On Tue, Nov 07, 2023 at 09:12:37PM -0500, Matthew House wrote:
> On Tue, Nov 7, 2023 at 8:21 AM Alejandro Colomar <alx@xxxxxxxxxx> wrote:
> > On Tue, Nov 07, 2023 at 11:52:44AM +0000, Jonny Grant wrote:
> > > We see things differently, I'm on the C standard side on this one. Would any information change your mind?
> >
> > It's difficult to say, but I doubt it.  But let me ask you something:
> > In what cases would you find strncpy(3) appropriate to use, and why?
> > Maybe if I understand that it helps.
> >
> > Kind regards,
> > Alex
> 
> Man pages aren't read only by people writing new code, but also by people
> reading and modifying existing code. And despite your preferences regarding
> which functions ought to be used to produce strings, it's a widespread (and
> correct) practice to produce a string from the character sequence created
> by strncpy(3). There are two ways of doing this, either by setting the last
> character of the destination buffer to null if you want to produce a
> truncated string, or by testing the last character against zero if you want
> to detect truncation and raise an error.
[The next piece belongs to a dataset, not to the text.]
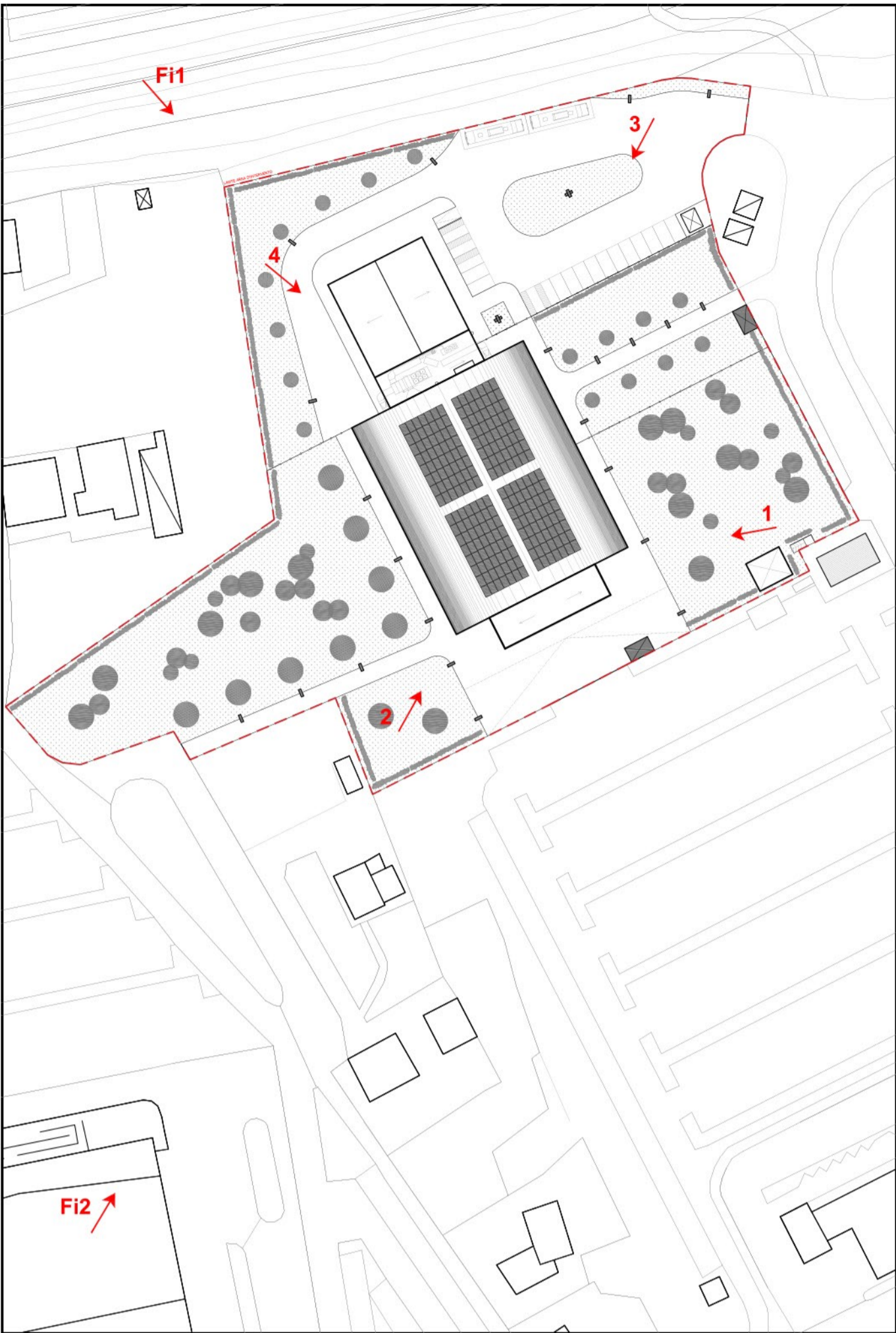
Punti di vista

It is not strncpy(3) who truncated, but the programmer by adding a NULL
in buff[BUFSIZ - 1].  In the following snippet, strncpy(3) will not
truncate:

	char cs[3];

	strncpy(cs, "foo", 3);

And yet your code doing if (cs[2] != '\0') { goto error; } would think
it did.  That's because you deformed strncpy(3) to implement a poor
man's strlcpy(3).  


	char cs[3];

	strncpy(cs, "foo", 3);
	cs[2] = '\0';  // The truncation is here, not in strncpy(3).

> I'm not aware of any alternative to a strncpy(3)-based snippet for
> producing a possibly-truncated copy of a string, except for your preferred
> strlcpy(3) or stpecpy(3), which aren't available to anyone without a

The Linux kernel has strscpy(3), which is also good, but is not
available to user space.

> brand-new glibc (nor, by extension, any applications or libraries that want

libbsd has provided strlcpy(3) since basically forever.  It is a very
portable library.  You don't need a brand-new glibc for having
strlcpy(3).

<https://libbsd.freedesktop.org/wiki/>

> to support people without a brand-new glibc, nor any libraries that want to
> support other platforms like Windows with only ISO C and POSIX-ish

If you program for Windows, it depends.  If you have POSIX available,
you may be able to port libbsd; I don't know.  In any case, I don't
case about Windows enough.  You could always write your own string-
copying function for Windows.

> functions); snprintf(3), which has the insidious flaw of not supporting
> more than INT_MAX characters on pain of UB, and also produces a warning if
> the compiler notices the possible truncation; or strlen(3) + min() +
> memcpy(3) + manually adding a null terminator, which is certainly more
> explicit in its intent, and avoids strncpy(3)'s zero-filling behavior if
> that poses a performance problem, but similarly opens up room for
> off-by-one errors.

More than the performance problem, I'm more worried about the
maintainability of strncpy(3).  When 20 years from now, a programmer
reading a piece of code full of strncpy(3) wants to migrate to a sane
function like strlcpy(3) or strcpy(3), the programmer needs to
understand if the zeroing was purposeful or just accidental.  Because
by using strlcpy(3), it may start leaking some trailing data if the
trailing of the buffer is meaningful to some program.

> 
> For the sake of reference, I looked into a few big C and C++ projects to
> see how often a strncpy(3)-based snippet was used to produce a truncated
> copy. I found 18 instances in glibc 2.38, 2 in util-linux 2.39.2 (in spite
> of its custom xstrncpy() function), 61 in GNU binutils 2.41, 43 in
> GDB 13.2, 1 in LLVM 17.0.4, 7 in CPython 3.12.0, 99 in OpenJDK 22+22,
> 10 in .NET Runtime 7.0.13, 3 in V8 12.1.82, and 86 in Firefox 120.0. (Note
> that I haven't filtered out vendored dependencies, so there's a little bit
> of double-counting.) It seems like most codebases that don't ban strncpy(3)
> use a derived snippet somewhere or another. Also, I found 3 instances in
> glibc 2.38 and 5 instances in Firefox 120.0 of detecting truncation by
> checking the last character.

I know.  I've been rewriting the code handling strings in shadow-utils
for the last year, and ther was a lot of it.  I fixed several small bugs
in the process, so I recommend avoiding it.

> 
> So these two snippets really are widespread, especially among the long tail
> of smaller C and C++ applications and libraries that don't perform enough
> string manipulation that it warrants creating a custom set of more-
> foolproof wrapper functions (at least, in the opinion of their authors).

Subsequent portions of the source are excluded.